In the data below, find the line with "Reikia įsigyti naują" and the line with "tűrés ellenőrzéséhez alkalmas.", then restate both and every line between them exactly, minus the pictures.

Stored data:
_ _ _
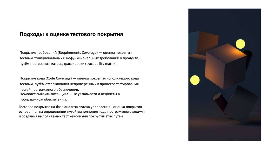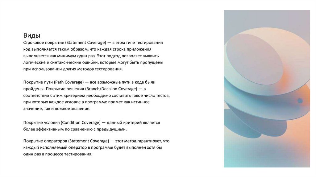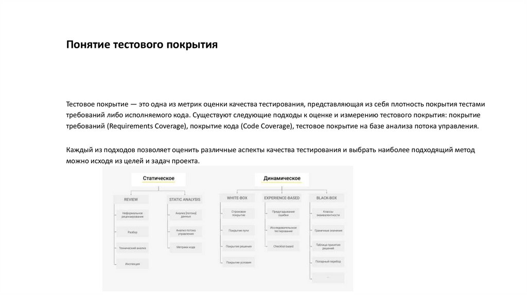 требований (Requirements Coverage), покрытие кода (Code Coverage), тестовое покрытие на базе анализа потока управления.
_ _ _
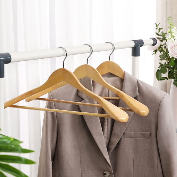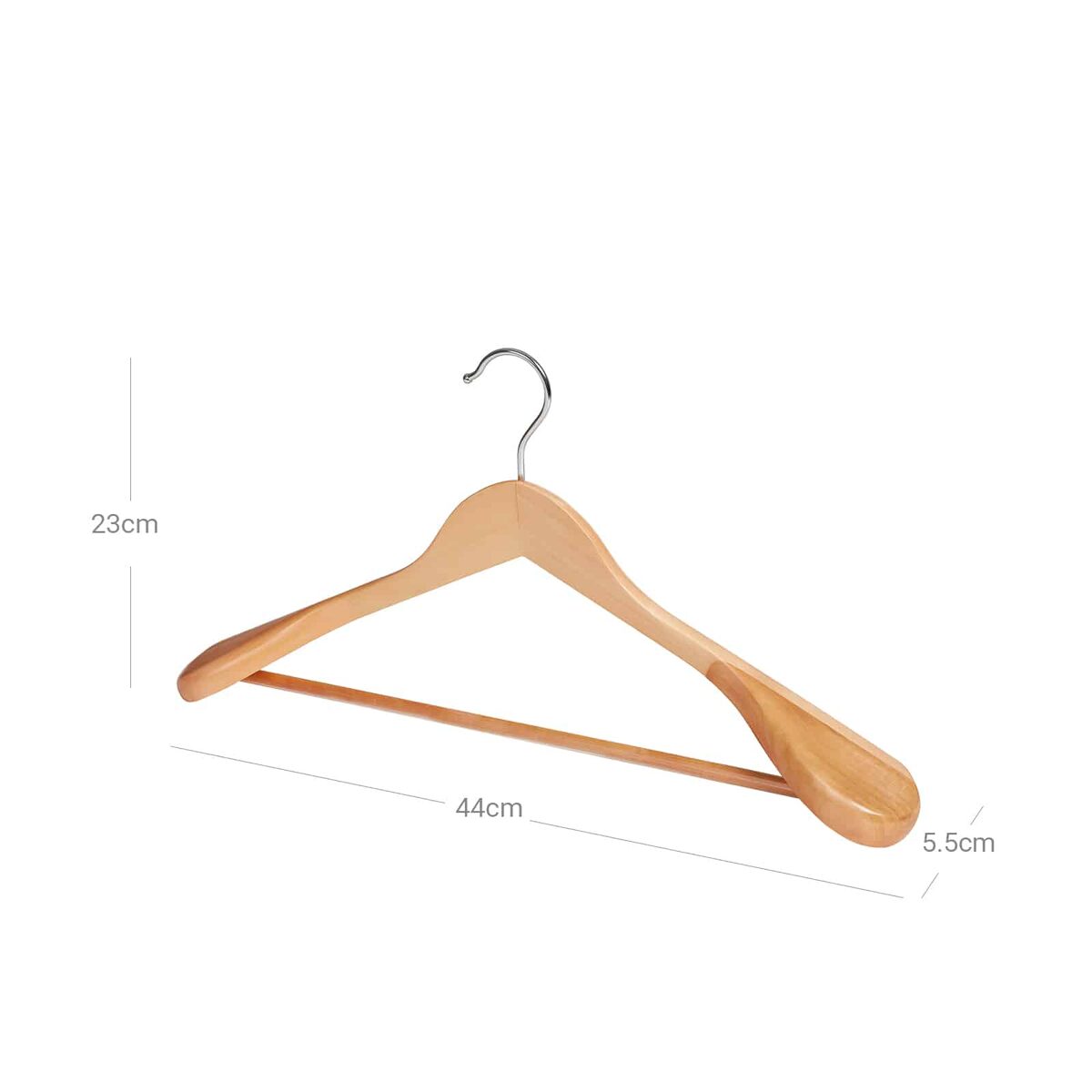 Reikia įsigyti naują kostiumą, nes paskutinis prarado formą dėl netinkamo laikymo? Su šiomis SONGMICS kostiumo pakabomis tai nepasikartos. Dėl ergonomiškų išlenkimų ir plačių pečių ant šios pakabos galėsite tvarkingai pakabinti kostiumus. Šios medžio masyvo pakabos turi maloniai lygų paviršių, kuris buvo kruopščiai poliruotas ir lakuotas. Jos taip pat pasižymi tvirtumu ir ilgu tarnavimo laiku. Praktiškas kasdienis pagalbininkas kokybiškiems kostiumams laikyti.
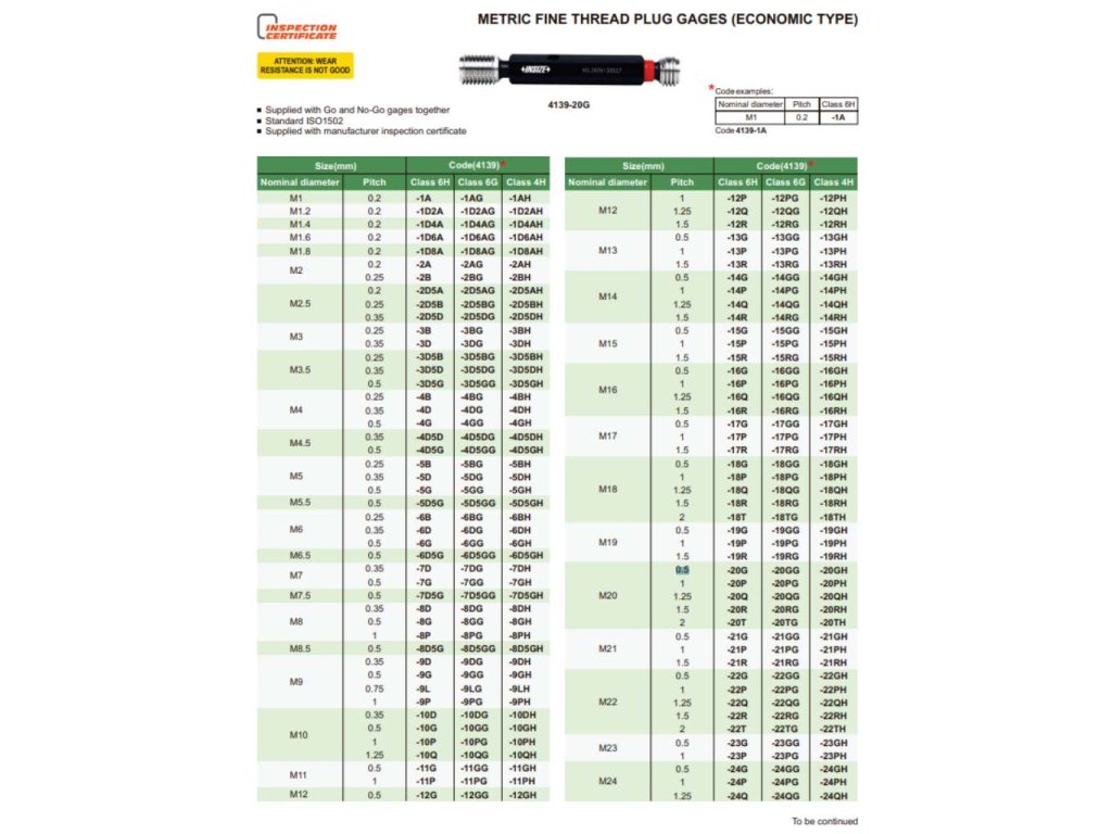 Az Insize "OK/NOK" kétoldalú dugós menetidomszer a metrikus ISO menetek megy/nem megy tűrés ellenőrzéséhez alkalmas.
_ _ _
Solution to the problem:
 Reikia įsigyti naują kostiumą, nes paskutinis prarado formą dėl netinkamo laikymo? Su šiomis SONGMICS kostiumo pakabomis tai nepasikartos. Dėl ergonomiškų išlenkimų ir plačių pečių ant šios pakabos galėsite tvarkingai pakabinti kostiumus. Šios medžio masyvo pakabos turi maloniai lygų paviršių, kuris buvo kruopščiai poliruotas ir lakuotas. Jos taip pat pasižymi tvirtumu ir ilgu tarnavimo laiku. Praktiškas kasdienis pagalbininkas kokybiškiems kostiumams laikyti.
 Az Insize "OK/NOK" kétoldalú dugós menetidomszer a metrikus ISO menetek megy/nem megy tűrés ellenőrzéséhez alkalmas.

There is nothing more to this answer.